Monsanto started as a chemical manufacturer, famous for developing saccharine, Agent Orange, and RoundUp. Over the years, they started developing and patenting GM-based seeds, after a US Supreme Court ruling in 1980. The company is well-aware of the public outcry surrounding its genetically-modified products, and does what it can to mitigate it. They suggest that farmers have a right to choose what kind of seeds they want to plant, and that laws precluding GMO-based crops are keeping said farmers from exercising that freedom. They also suggest that in light of the soon-coming food crisis that GM crops have incredible benefits in the future. The company has also been aggressive in its purchases of other seed companies, allowing it to widen its net on the agricultural market. Monsanto’s share of GM cord and soybeans is about 65%. These acquisitions have drawn the eye of antitrust regulators, but so far they haven’t had to make but a few concessions to them.

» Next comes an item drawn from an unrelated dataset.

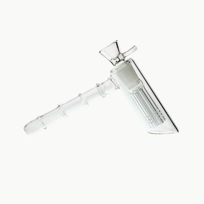 The Nice Glass L-Shaped 6-Arm Percolator Hand Pipe is a unique, standable hand pipe crafted from durable borosilicate glass. Featuring an angled base for stability on flat surfaces, this clear pipe includes a 6-arm percolator that enhances smoke diffusion, delivering smoother, cooler hits.

A large part of Monsanto’s profits come from the licensing of these seeds. This almost essentially creates a monopoly, but according to the article, does not truly constitute one, as even some of Monsanto’s competitors are actually licensees. And their business model requires farmers to buy fresh seed every year. Their “Violator Exclusion Policy” will actually deny farmers access to Monsanto’s seed and technology forever if they break any of the terms of the license agreement.
Monsanto is working hard to spin its business decisions into something positive. Or at least something that looks positive. They are attempting to make sure that the developing world still as access to its seed, but are still doubling down on increased productivity at whatever the cost. Maybe it’s because this technology is so relatively new, Monsanto’s quasi-monopoly, or that people don’t like companies all up in their food supply, but they still seem to have a long way to go.